For The Love Of Lapis
Rock&Gem Magazine|March 2020
The saga of Afghan lapis lazuli
Steve Voynick

In July 2019, military forces of the Taliban (Islamic Emirate of Afghanistan) wrested control of Badakhshãn Province from the western-backed central government of Afghanistan. A rugged mountain province in northeast Afghanistan, sparsely populated Badakhshãn has relatively little economic significance—except for the remote upper Kokcha Valley, where Sar-e-Sang (or Sar-i-Sang) is the world’s premier source of lapis lazuli.

Just a few years earlier, the Afghan government had launched a program to develop the Sar-e-Sang lapis lazuli resource in a manner that would benefit the nation. But that hope is gone, at least for now, and the fall of Badakhshãn is having many ramifications: The Afghan government has lost a potential source of income; all newly mined lapis lazuli is being smuggled into Pakistan, and the Taliban is reaping millions of dollars per year in profit.

LONG AND INVOLVED HISTORY

Afghanistan has long been synonymous with lapis lazuli. This central-Asian nation has produced roughly 95 percent of all the lapis ever mined throughout history. The only other commercially significant supplies come from Russia, Chile, and the United States, but lapis from these sources does not match the Afghan material in color intensity, pyrite glitter, and overall visual appeal.

The saga of Afghan lapis reads like an epic of historical fiction that James Michener might have written. It was the first gemstone ever to be systematically mined and one of the most prized commodities carried by the ancient Silk Road caravans that once culturally and economically linked Asia, Africa, and Europe. As a gemstone, pigment, and inlay material, Afghan lapis has played major roles in Egyptian, Islamic, and European art.

For the last 40 years, the tale of Afghan lapis has been a particularly volatile mix of warlords, military intervention, government corruption, international politics, and rampant smuggling. This complex drama is being played out beneath the snowy peaks of the Hindu Kush range at what may be the most remote and forbidding gemstone locality on Earth.
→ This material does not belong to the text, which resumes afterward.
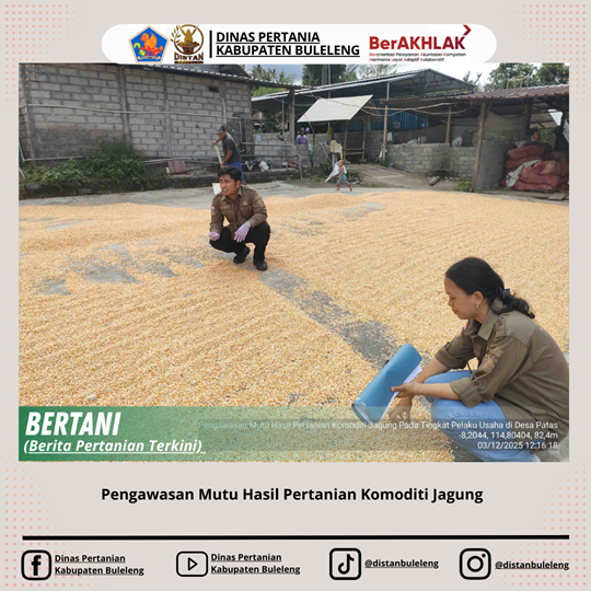 Pengawasan Mutu Hasil Pertanian Komoditi Jagung pada tingkat pelaku usaha di Desa Pengulon dan Desa Patas, Kecamatan Gerokgak oleh Pengawas Mutu Hasil Pertanian (PMHP) Bidang Tanaman Pangan bersama PPL Wilbin. Tujuan pengawasan mutu hasil pertanian komoditi jagung di tingkat pelaku usaha adalah untuk memastikan bahwa setiap tahapan penanganan, penyimpanan, dan pemasaran jagung memenuhi standar mutu yang telah ditetapkan. Pengawasan mutu dilakukan dalam upaya menjamin kadar air, kebersihan, serta tingkat kerusakan jagung sesuai persyaratan sehingga aman dan layak digunakan oleh konsumen maupun industri. Selain itu, pengawasan mutu dilakukan untuk menekan risiko kontaminasi aflatoksin dan kerusakan selama penyimpanan, sehingga mampu mengurangi kehilangan hasil (losses) dan meningkatkan nilai jual produk. Melalui penerapan prinsip-prinsip penanganan pascapanen yang baik (Good Handling Practices). Kegiatan ini juga mendorong pelaku usaha menghasilkan jagung berkualitas tinggi, konsisten, dan dapat ditelusuri asal-usulnya. Secara keseluruhan, pengawasan mutu mendukung peningkatan daya saing jagung lokal, melindungi konsumen, dan memperkuat sistem ketahanan pangan serta kebijakan pemerintah dalam pemenuhan standar mutu hasil pertanian. Berikut hasil pengawasan di : Desa Pengulon

Lapis lazuli is a metamorphic rock of widely variable composition that consists mainly of lazurite (basic sodium calcium aluminum sulfate chlorosilicate). Its other mineral components include calcite (calcium carbonate), pyrite (iron disulfide), sodalite (sodium aluminum chlorosilicate), augite (calcium iron magnesium silicate), and nosean (hydrous sodium sulfate aluminosilicate).

Lazurite, which imparts lapis lazuli’s striking deep-blue color, makes up 20 to 40 percent of lapis, with the higher percentages creating the most intensely colored and valuable stones. Lazurite crystallizes in the isometric system, but usually occurs in granular, massive, or compact forms, and only rarely as crystals. Brittle and showing an uneven fracture, a low specific gravity of 2.42.5, and a Mohs hardness of 5.0-5.5, lazurite is opaque with an azure-blue color and a dull-to-greasy luster.
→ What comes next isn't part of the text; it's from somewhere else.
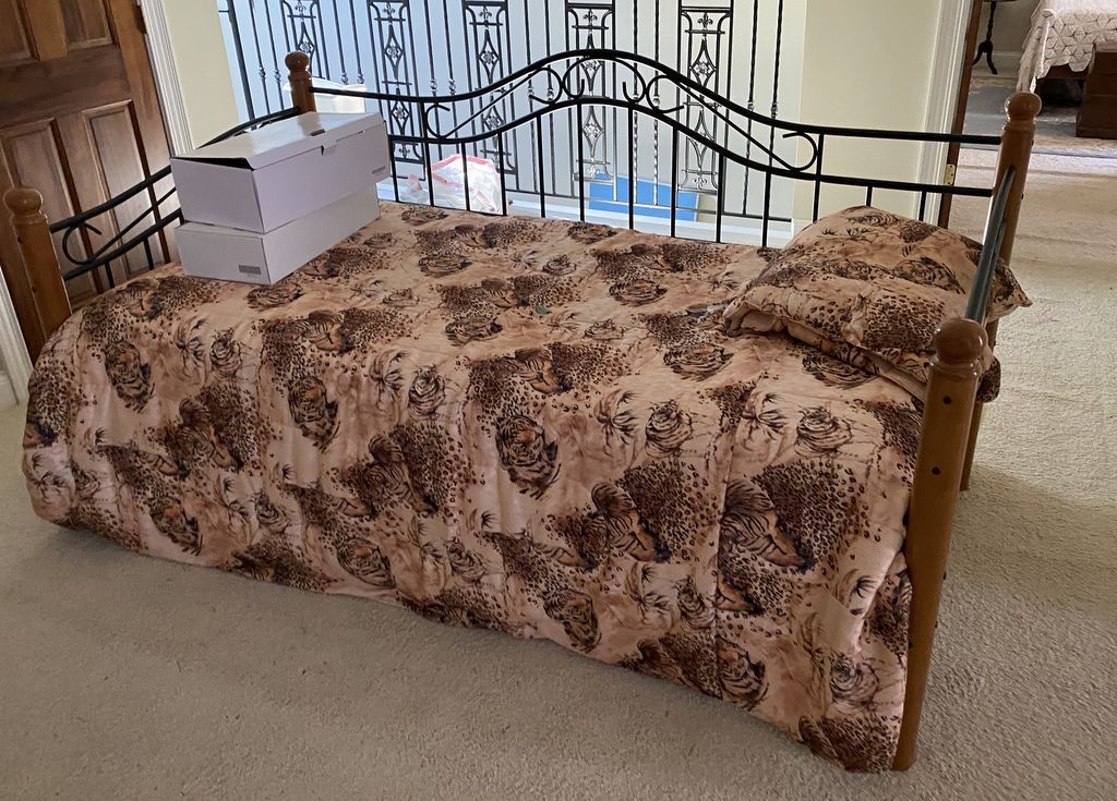 Pair of Wood Metal Day Beds, includes mattress, has bolts and parts. bed spreads sold separately, good shape. Location Back Room Pair of Wood Metal Day Beds, includes mattress, has bolts and parts. bed spreads sold separately, good shape. Location Back Room

Lazurite forms through contact metamorphism of silica-poor, marine limestone that contains sulfur and chlorine. The original basement rock at Sar-e-Sang was marine limestone, a sedimentary rock that consists primarily of calcite. The uplifting of the Hindu Kush massif some 30 million years ago provided the heat and pressure necessary for intense contact metamorphism to recrystallize parts of this limestone into marble.
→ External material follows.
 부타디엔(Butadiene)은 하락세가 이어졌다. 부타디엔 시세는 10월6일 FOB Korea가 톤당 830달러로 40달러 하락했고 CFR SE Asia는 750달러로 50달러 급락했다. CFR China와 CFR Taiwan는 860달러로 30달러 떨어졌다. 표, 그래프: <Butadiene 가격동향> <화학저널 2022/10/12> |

Within a 1,200-foot-thick, mica-rich stratum of white marble, varying concentrations of lazurite occur in lens-shaped, horizontally oriented bodies 3 to 6 feet thick, 60 feet wide, and several hundred feet long. Along with calcite and lazurite, these lenses also contain the silicate minerals forsterite, enstatite, phlogopite, and diopside, and the aluminosilicate minerals augite and muscovite. Also present are sodalite, haüyne, nosean, and afghanite, all aluminosilicates with complex chlorine sulfur chemistries similar to that of lazurite. Varying grades of lapis lazuli, along with occasional lazurite crystals, are concentrated near the core of the lenses.

Despite its inaccessibility, Sar-e-Sang had a significant historical and geographical advantage—its relative proximity to a major Silk Road caravan route that linked the region to both China and the Middle East. Along with gold, spices, and silk, lapis lazuli from Sar-e-Sang was among the most valuable of all Silk Road trade commodities.

AFGAN LAPIS CAPTURES ATTENTION IN ANCIENT TIMES

Sporadic mining at Sar-e-Sang began in prehistory, and continuous, systematic mining was underway by 4000 B.C. Afghan lapis was widely traded, first to the Middle East and Egypt, and later to China and Europe where it was fashioned into jewelry and decorative items, and ground into pigments. The Egyptians were especially enamored of Afghan lapis, grinding it into eye-shadow powder and cutting it into inlay-mosaic pieces for ceremonial uses, most notably the prominent, royal-blue striping in the 3,300-year-old funeral mask of the ruler Tutankhamen (or Tutankhamum).